A close-up look at the Omicron variant of SARS-CoV-2. At left, low magnification electron micrograph imaging shows a cell after infection. At right, high magnification electron micrograph imaging shows that infected cell and viral particles with corona-shaped spikes on their surface. (HKUMed and Electron Microscope Unit/HKU)

Unlocking the mysteries behind Omicron's unique set of mutations will be key to understanding how this virus evolves and spreads — particularly as a tougher-to-detect subvariant is taking off in various countries, threatening to prolong this wave of infections.

The subvariant is known as BA.2 in the classification system used to catalogue the evolution of SARS-CoV-2, and it's just one of a handful of Omicron subvariants featuring different mutations, which also includes the original lineage, as well as BA.1, BA.1.1, and BA.3.

BA.2 drew the close attention of virologists once it started to tick upward in multiple countries, including early signals of a slight rise here in Canada, suggesting it may be even more transmissible than its predecessor. 

"There is a competition," said Nathalie Grandvaux, a researcher and professor in the department of biochemistry and molecular medicine at the Université de Montréal. "It looks a bit like Delta versus Alpha … does that mean we will have another wave? It's not something we can say for now."

Denmark in particular is reporting a surge of BA.2 infections, with the subvariant accounting for nearly half of all Omicron cases by the second week of January, up from roughly 20 per cent over the end of 2021. 

"During the same period, the relative frequency of BA.1 has dropped," the Statens Serum Institut (SSI), a Danish research agency, reported on Jan. 20.

The U.K. is also monitoring BA.2 closely, and officials noted in a mid-January technical briefing that this subvariant is often able to fly under the radar. While BA.1 lacks one of the three target genes used in widespread SARS-CoV-2 testing, making it easy to spot — a process known as S-gene target failure — BA.2 can't be detected the same way.

The same report noted that by Jan. 1, BA.2 accounted for five per cent of the U.K.'s S-gene positive tests — and that figure keeps rising. 

That means the quick S-gene failure method to catch Omicron infections "is no longer sufficient to assess the spread of Omicron as a whole," it continued.



'No big alarm bells' so far

By contrast, for much of the pandemic's first year, it was far easier to track and manage this virus's evolution. 

That first changed when the B117 variant — later dubbed Alpha by the World Health Organization — burst onto the scene in late 2020, driving up case counts thanks to a set of mutations that helped it spread rapidly around the world.

As case counts ballooned, that evolutionary process has seemingly gone into overdrive, prompting variant after variant.

Strikingly, the differences between BA.1 and BA.2 are even greater than the differences between the original strain of SARS-CoV-2 and the Alpha variant, noted Denmark's SSI.

On Monday, the World Health Organization said research into how BA.2 operates should be "prioritized independently" from other Omicron subvariants.
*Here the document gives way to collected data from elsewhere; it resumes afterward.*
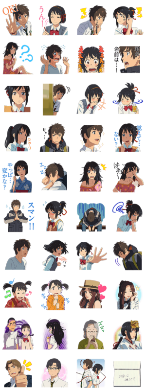 新海誠監督による大ヒットアニメーション映画「君の名は。」のスタンプがいよいよ登場!劇中の名シーンが満載のスタンプでトークを盛り上げよう!東宝 より発売
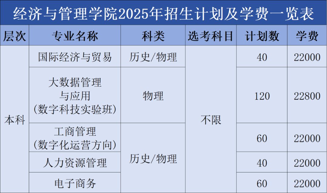 经济与管理学院开设5个本科专业,其中工商管理专业为湖北省一流本科专业,大数据管理与应用、电子商务和人力资源管理专业是湖北省优势特色学科(群)重点建设专业,国际经济与贸易是学校一流本科专业。学院拥有由专职老师、企业高管和名校专家共同组成的跨界师资队伍,其中包括楚天学者1名,教授11人、博士14人、副高级职称教师31人,双师型教师占比超过50%。此外,学院还建有湖北省“十四五”优势特色学科(群)、“十二五”重点学科、“楚天学者计划”设岗学科和综合改革试点专业各1个,省级一流本科课程7门;获评湖北省优秀教学成果三等奖2项、优秀基层教学单位2个、科技创新团队1个。
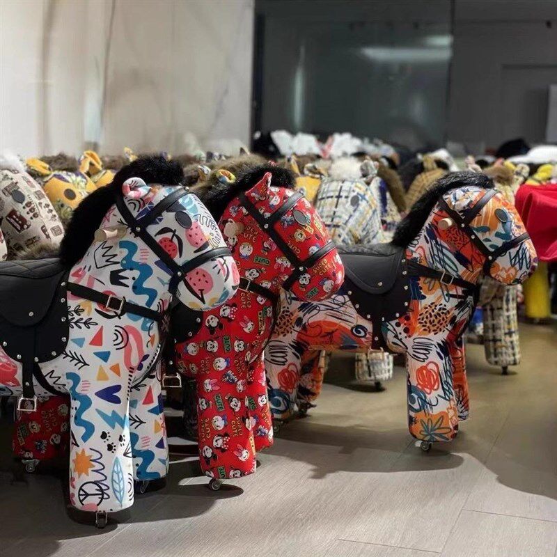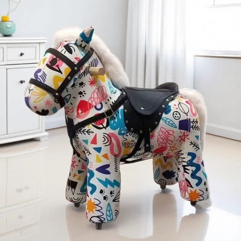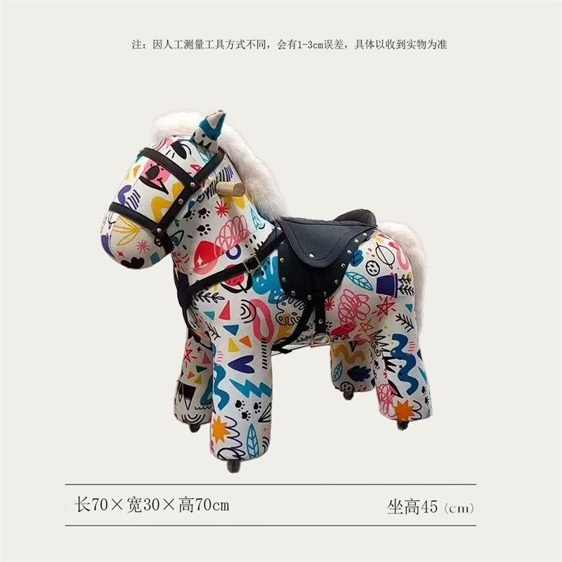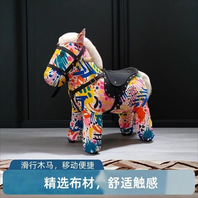 📚 法式儿童滑行木马网红小马凳摇摇椅可移动小马驹带轮落地摆件礼物

There are global signals the BA.2 subvariant is somewhat more transmissible, echoing the early days of Omicron's spread, said Jesse Shapiro, an associate professor of microbiology and immunology at McGill University. 

While it's possible it may also drag on this wave of infections, he said, "there's no big alarm bells so far."

BA.2 has been tracked for weeks in regions around the world, but drew the close attention of virologists once it started to creep up on the original Omicron lineage in multiple countries, including early signals of a slight rise here in Canada. (Evan Mitsui/CBC)

Questions over immune evasion

Yet questions remain about BA.2's ability to reinfect a rising number of people who've already dealt with an Omicron infection. Could its dramatic evolutionary shift allow it to evade weeks-old immunity for the millions infected since late 2021?

There are a few documented instances of reinfections in Norway, so it's possible BA.2 could infect some of those who've already recovered from BA.1 and push up case counts, said Anders Fomsgaard, chief physician and virus researcher at SSI, during a recent interview with a Danish media outlet.

But Matthew Miller, an associate professor of infectious diseases and immunology at McMaster, expects those kinds of reinfections are unlikely. What's more worrisome, he suggested, are the impacts of a "little sister" to Omicron spreading among unprotected populations.

"People who've had only two vaccine doses, or no vaccine doses, or [are] incompletely vaccinated, they may be equally susceptible to BA.2 as they were to Omicron," he said.

What's reassuring about BA.2 — at least for now — is that the SSI's initial analysis shows no difference in hospitalizations when compared to BA.1. Further research is underway to understand the subvariant's impact on vaccine effectiveness, the SSI noted, but vaccines are expected to continue offering protection against severe illness.

Research is underway to understand the BA.2 subvariant's impact on vaccine effectiveness, but current shots are still expected to continue offering protection against severe illness. (Luke Dray/Getty Images)

The subvariant also comprises only a small percentage of Canada's total number of known COVID-19 cases, federal data shows, though it does seem to be rising. 

Omicron infections make up more than 90 per cent of Canada's recent cases — and nearly all of those remain BA.1. But BA.2 infections totalled around one per cent of reported cases in early January, up from a mere 0.2 per cent in late December, with data for that stretch still accumulating.

WATCH | A vaccine tailored to Omicron is now in human trials:

Pfizer testing Omicron-based vaccine amid concerns about twin variant

3 years ago
Duration 2:02
Pfizer has started testing an Omicron-based COVID-19 vaccine to see if it can prevent infection and not only severe illness. The testing comes as researchers investigate an emerging variant described as Omicron’s twin.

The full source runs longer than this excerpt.